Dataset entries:
Start of Block
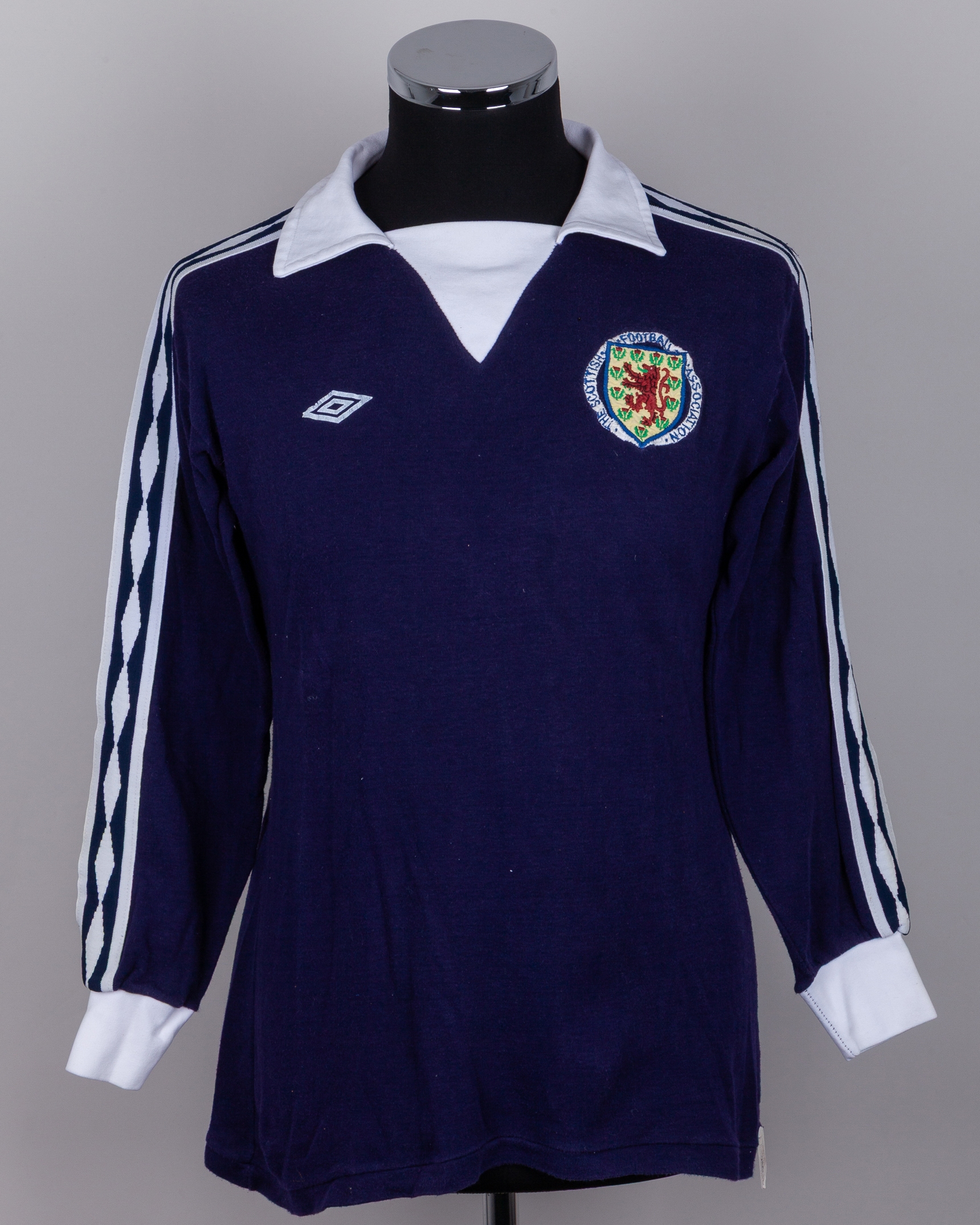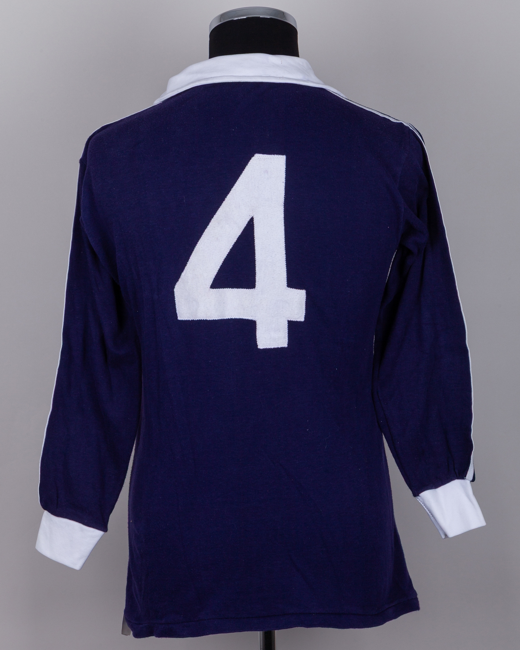Gordon McQueen blue and white No.4 Scotland match worn long-sleeved shirt, late 1970s
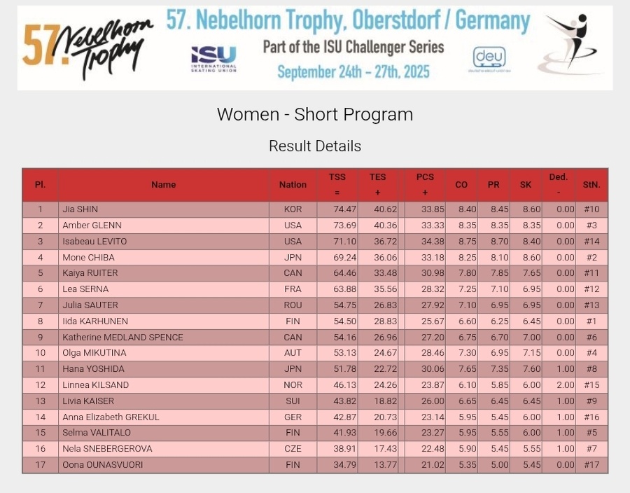 На этом состязании, которое проходит в немецком Оберсдорфе, есть возможность посмотреть в какой форме находятся американские и японские фигуристки. Алису Лью мы уже видели на прошлом турнире - ни формы, а теперь и программы толком нет (вынуждена сменить музыку). Эмбер Гленн выступила раньше своих конкуренток. Ажурное платье тёмно-вишневого цвета, золотые цепи на шее, аки у царицы Египта Клеопатры, прическа - все очень гармонично и ей подходит. Немного визуально ей мешают перетяжки на рукавах. Ну а слова из песни Мадонны ей тоже близки. Начала с тройного акселя. Затем каскад из тройного флипа и тройного тулупа, тройной риттбергер почти без выезда. После всех прыжков уже подняла голову ото льда и заулыбалась, отжигая хореографическую часть. Очень уверенное и эмоциональное выступление. Оценка - 73.69 балла и она занимает лидирующее положение. Действительно хорошо подготовилась к сезону. Ей важно с ходу заявить о своих лидирующих позициях. У них отбор в сборную идёт с учётом предыду
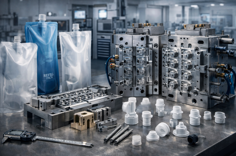 Um molde padrão para tampa de garrafa e um molde para fechamento de bolsa com bico podem parecer semelhantes à primeira vista, mas os pontos de risco são diferentes. A tampa do bico deve funcionar em conjunto com o encaixe, a bolsa e o processo final de enchimento ou tamponamento. Isso significa que o limite não pode ser avaliado sozinho.
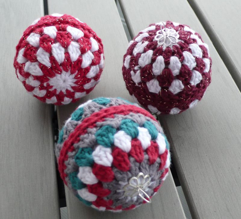 - Hvorfor netop julekugler?”Jeg søger hvert år efter sjove og anderledes hækleopskrifter. Sidste år var det trommer og slikstokke. I år blev det kugler. De ligner såkaldte oldemorfirkanter, som er populære for tiden.”
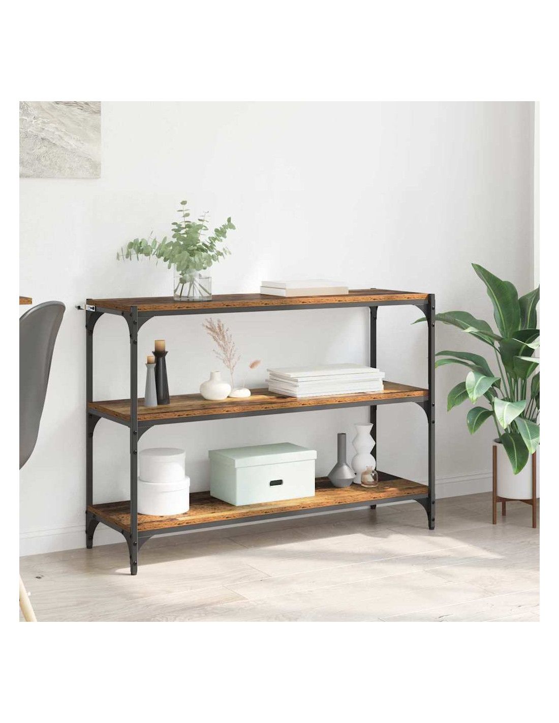 - Struttura in ferro durevole: Il telaio in ferro assicura stabilità e forza. Il colore nero accentua l'estetica mentre rinforza la costruzione. Grazie al ferro, la libreria è un pezzo di arredamento duraturo che promette soddisfazione nel tempo.
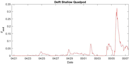 Time series of sediment Shields parameter (θsed) at the shallow quadpod computed from the Delft3D model output.
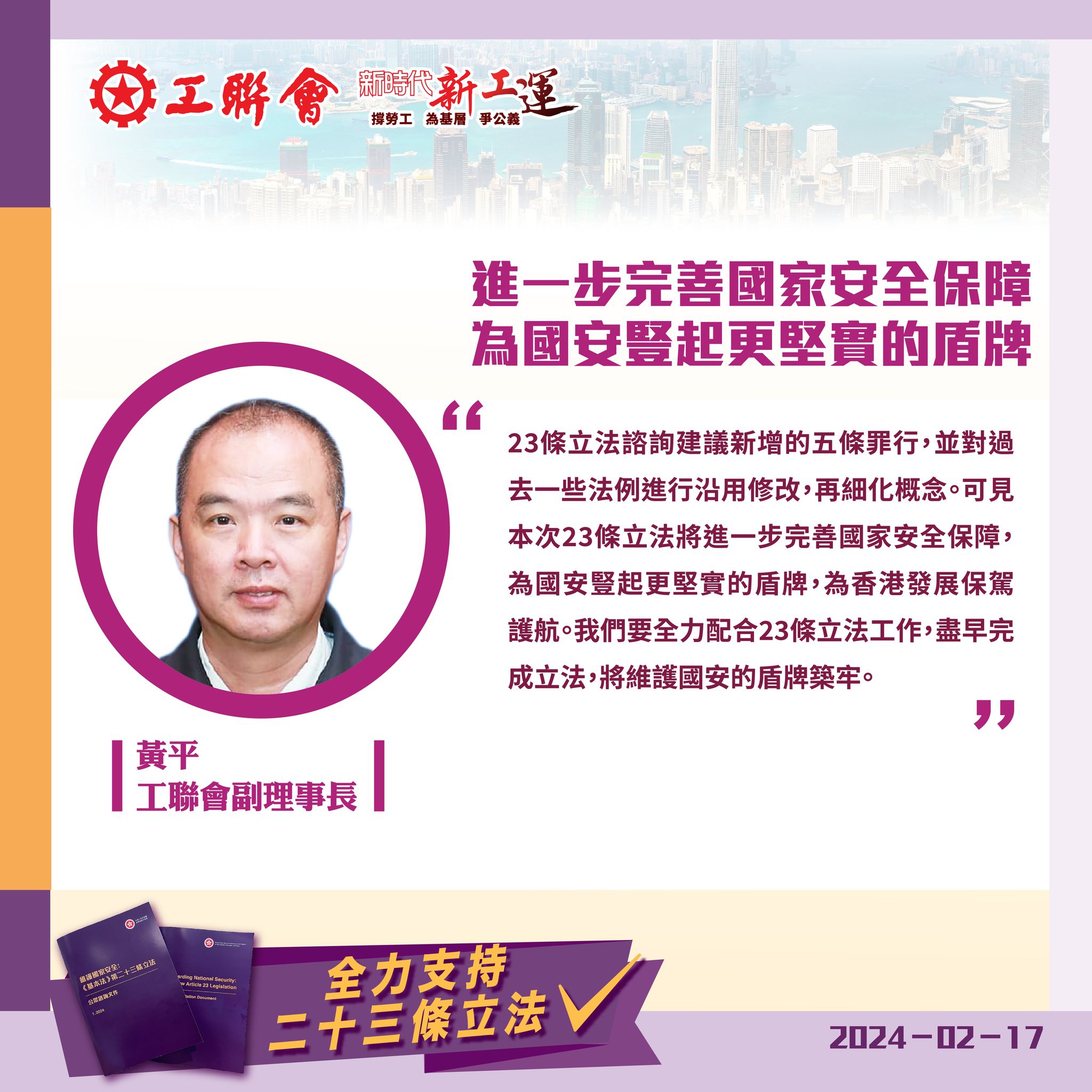 工联会副理事长黄平表示,23条立法谘询建议新增的五条罪行,并对过去一些法例进行沿用修改,再细化概念。可见本次23条立法将进一步完善国家安全保障,为国安竖起更坚实的盾牌,为香港发展保驾护航。我们要全力配合23条立法工作,尽早完成立法,将维护国安的盾牌筑牢。
End of Block
- _WHAT THE TASK ASKS_: For this exercise, output the records exactly but omit their pictures.

- _RESULT_:
Gordon McQueen blue and white No.4 Scotland match worn long-sleeved shirt, late 1970s
 На этом состязании, которое проходит в немецком Оберсдорфе, есть возможность посмотреть в какой форме находятся американские и японские фигуристки. Алису Лью мы уже видели на прошлом турнире - ни формы, а теперь и программы толком нет (вынуждена сменить музыку). Эмбер Гленн выступила раньше своих конкуренток. Ажурное платье тёмно-вишневого цвета, золотые цепи на шее, аки у царицы Египта Клеопатры, прическа - все очень гармонично и ей подходит. Немного визуально ей мешают перетяжки на рукавах. Ну а слова из песни Мадонны ей тоже близки. Начала с тройного акселя. Затем каскад из тройного флипа и тройного тулупа, тройной риттбергер почти без выезда. После всех прыжков уже подняла голову ото льда и заулыбалась, отжигая хореографическую часть. Очень уверенное и эмоциональное выступление. Оценка - 73.69 балла и она занимает лидирующее положение. Действительно хорошо подготовилась к сезону. Ей важно с ходу заявить о своих лидирующих позициях. У них отбор в сборную идёт с учётом предыду
 Um molde padrão para tampa de garrafa e um molde para fechamento de bolsa com bico podem parecer semelhantes à primeira vista, mas os pontos de risco são diferentes. A tampa do bico deve funcionar em conjunto com o encaixe, a bolsa e o processo final de enchimento ou tamponamento. Isso significa que o limite não pode ser avaliado sozinho.
 - Hvorfor netop julekugler?”Jeg søger hvert år efter sjove og anderledes hækleopskrifter. Sidste år var det trommer og slikstokke. I år blev det kugler. De ligner såkaldte oldemorfirkanter, som er populære for tiden.”
 - Struttura in ferro durevole: Il telaio in ferro assicura stabilità e forza. Il colore nero accentua l'estetica mentre rinforza la costruzione. Grazie al ferro, la libreria è un pezzo di arredamento duraturo che promette soddisfazione nel tempo.
 Time series of sediment Shields parameter (θsed) at the shallow quadpod computed from the Delft3D model output.
 工联会副理事长黄平表示,23条立法谘询建议新增的五条罪行,并对过去一些法例进行沿用修改,再细化概念。可见本次23条立法将进一步完善国家安全保障,为国安竖起更坚实的盾牌,为香港发展保驾护航。我们要全力配合23条立法工作,尽早完成立法,将维护国安的盾牌筑牢。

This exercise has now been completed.